RS-Agent: Automating Remote Sensing Tasks through Intelligent Agents

🏆 Contributions

We present RS-Agent, a novel architecture designed to interpret user queries and orchestrate diverse tools for accurate and efficient remote sensing task execution. Its four core components—Central Controller, Toolkits, Solution Space, and Knowledge Space—work in concert, seamlessly interacting and complementing one another to enable robust, adaptive performance across a wide range of applications.

To enhance the agent’s task planning accuracy, we propose an innovative Task-Aware Retrieval method. By retrieving and understanding expert-level task solutions, RS-Agent is able to emulate the decision-making and tool selection processes of professional remote sensing analysts.

To strengthen RS-Agent’s domain-specific knowledge, we propose DualRAG, a retrieval augmented generation method that assigns weights to extracted keywords and performs dual path retrieval, thereby enhancing the accuracy and relevance of knowledge retrieval.

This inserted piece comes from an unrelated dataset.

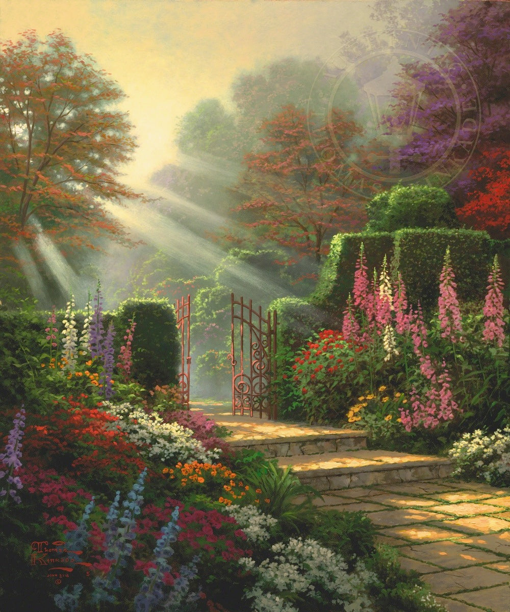 "Amazing Grace, how sweet the sound ..." How sweet, too, are the sights that await us in the "Garden of Grace." And the scents. I think of a melodious harmony of bird song, of the heady perfume of flowers wafted on the breeze. Above all, I imagine a glorious light that pours through the foliage, clothing the trees and shrubs in its resplendent radiance. What can lie beyond the aged, wrought iron gate that opens into the "Garden of Grace?" Surely, abundant blessings and God's tender mercies await.

Extensive experiments demonstrate that RS-Agent consistently surpasses previous SOTA Multimodal Large Language Models across a range of remote sensing applications, and significantly boosts the task planning accuracy. These results establish RS-Agent as a major step forward in adapting AI agents to the remote sensing field, and, for the first time, present a comprehensive and modular architecture tailored for remote sensing applications.

The schematic diagram of the RS-Agent.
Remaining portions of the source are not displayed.